Author's avatar By Danyl Bosomworth 05 Feb, 2014
Essential Essential topic

5 ideas to help your journey to nirvana

Optimisation, it’s an important and hot topic. Whether SEO, advertising, email or conversion rate. We want more, we have to. Is it possible to reach an ‘optimised’ place, is it ever done, can we ever arrive at an optimised nirvana of continuous optimisation as we suggested in our recent 7 Steps to Digital Nirvana infographic? Whenever I talk to people, and listen to myself talking sometimes, you’d think that we are seeking a destination, a place where it’s all done. We're optimised!

We asked about how optimised businesses are in their digital optimisation in our recent research on managing digital marketing - it's good to see a fair proportion in the top 2 categories, but the majority don't optimise continuously.

marketing-optimisation-research

My experience is that in reality we never arrive. It’s a little like the idea that, as individuals, we ever reach a state of true happiness - that we’re arrived and done. The reality is that just as life is a journey and happiness is of the moment, so is reaching a perfect state of optimisation and being done. Too much changes around us to make it any other way.

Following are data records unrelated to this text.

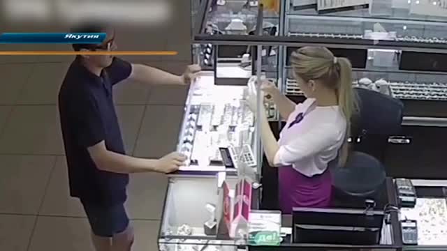 Как только она демонстрирует украшение, вор выхватывает изделие вместе с выставочной подставкой и бросается наутек. Задержать злоумышленника пока не удалось.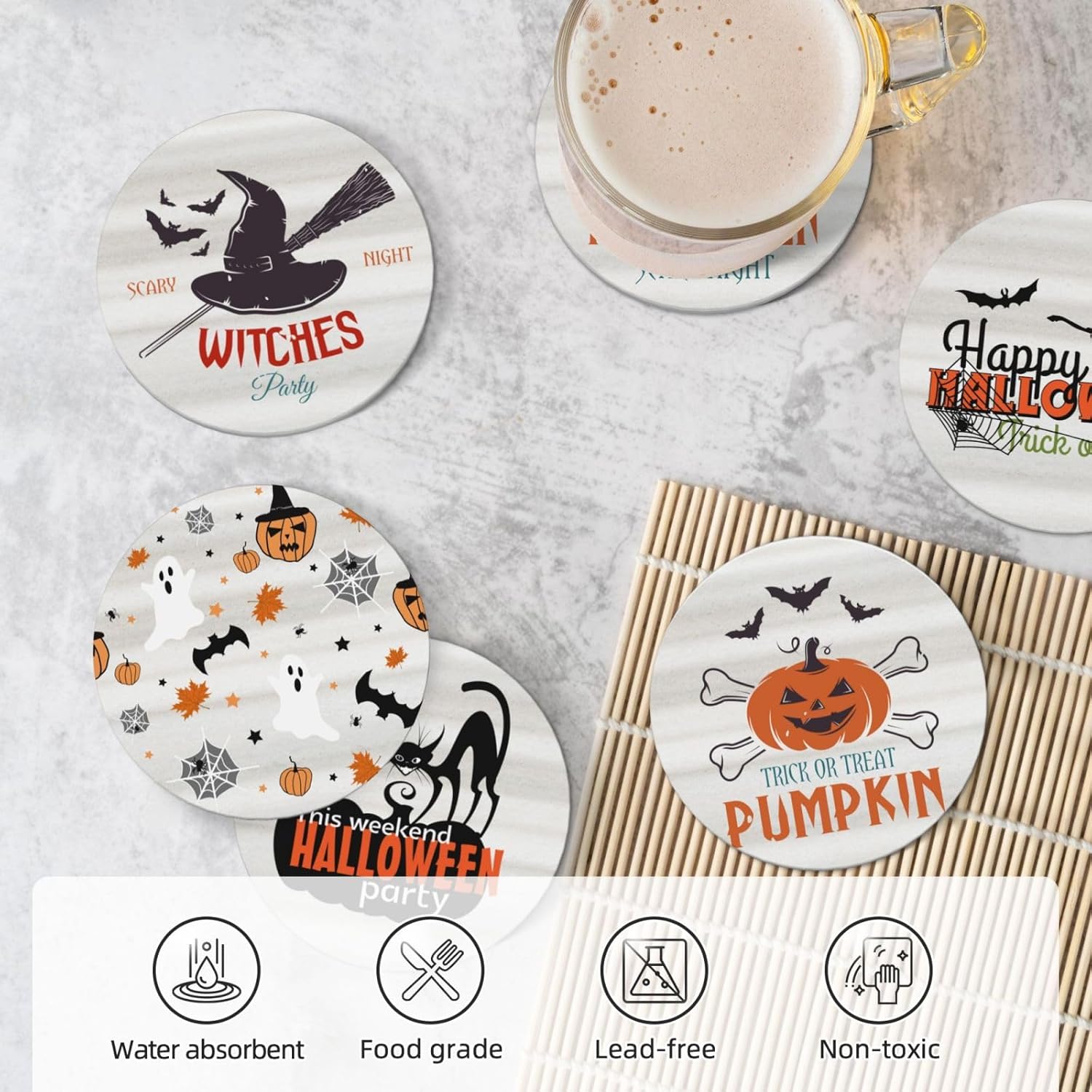 6 PCS Halloween Coasters with Metal Holder and Cork Base Ceramic Drink Coasters Absorbent Cup Mat Non-Slip for Home Kitchen Office Table Decor, 4 Inch Halloween 1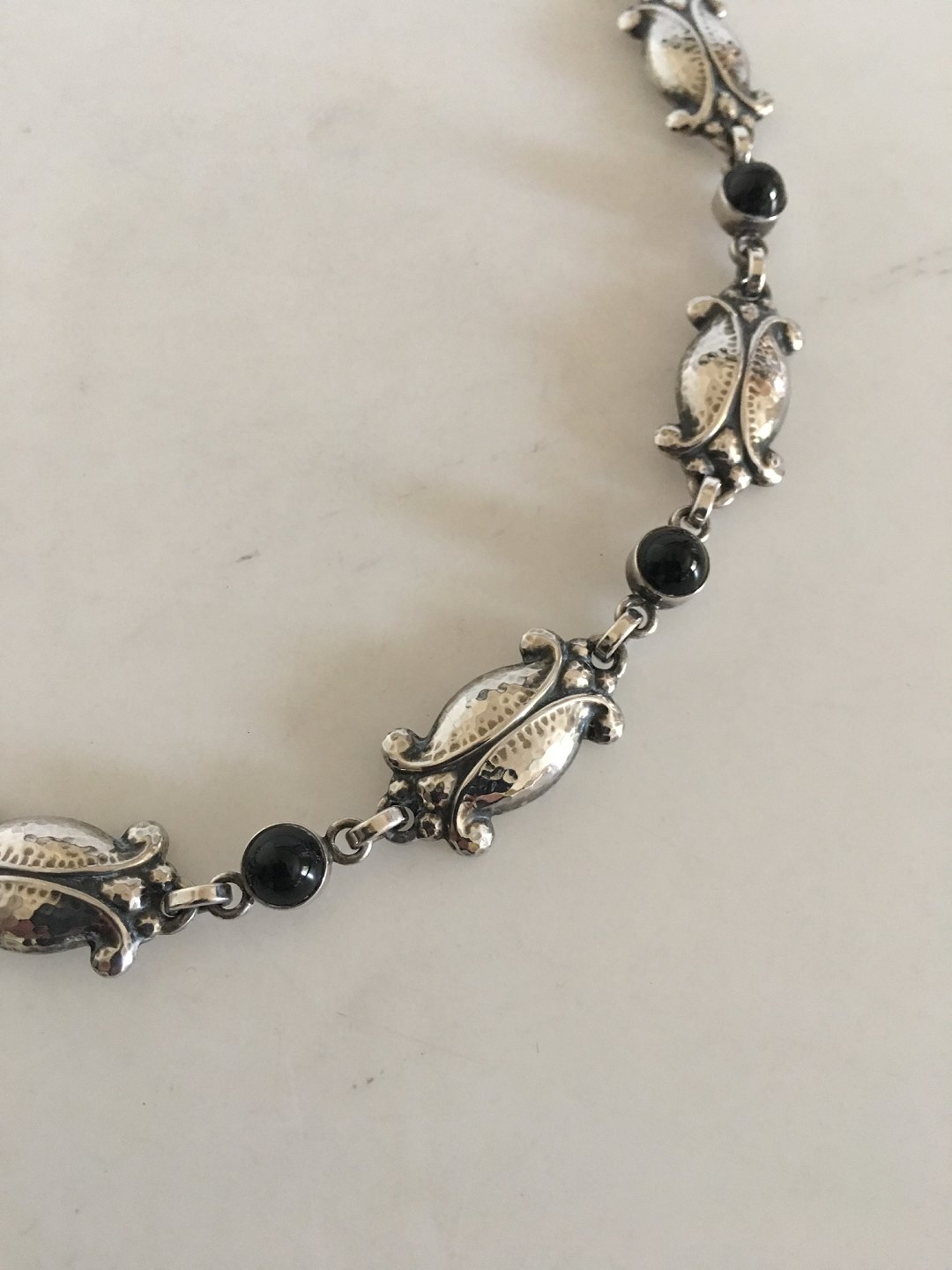 Georg Jensen Sterling Silver Necklace No 15 with Black Onyx. Measures 42 cm / 16 17/32 in. Weighs 40.9 g / 1.44 oz. Manufactured after 1945.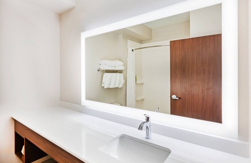 Holiday Inn Express & Suites Lenexa - Overland Park Area by IHG offers 96 air-conditioned accommodations with laptop-compatible safes and coffee/tea makers. Beds feature premium bedding. A pillow menu is available. 42-inch flat-screen televisions come with premium satellite channels. Refrigerators and microwaves are provided. Bathrooms include bathtubs or showers with deep soaking bathtubs, complimentary toiletries, and hair dryers.

We’re forever dealing with:

  • Changing management agendas
  • New products and services
  • Changes in the market and competitive environment
  • Evolving consumer behaviour and technology
  • Changes in channel effectiveness (including Google search algorithms)

The reality is that optimisation is a never ending, moving feast. So take heart, we’re all in the same boat.

So what’s the answer?

Accept that this is a moving feast, the world we work in, we’re no longer in a relatively static, advertising led environment, we’re in the business of earning and amplifying consumer attention. It’s important to recognise the complexities of marketing today and not get drowned in it - the truth is we’ve never had so much opportunity to out-wit and out-market the competition irrespective of budget, no excuses. That said, there’s little marketing that can be done to escape a rubbish product or service.

The point here - there's is vast amount of never optimisation to be done.

The optimisation journey

Embrace it! Like happiness, marketing nirvana is of the moment and ever changing, not a destination. Represented in quality ROI, and a quest to better it. Being committed to that cause is why you’ve got a well paid job.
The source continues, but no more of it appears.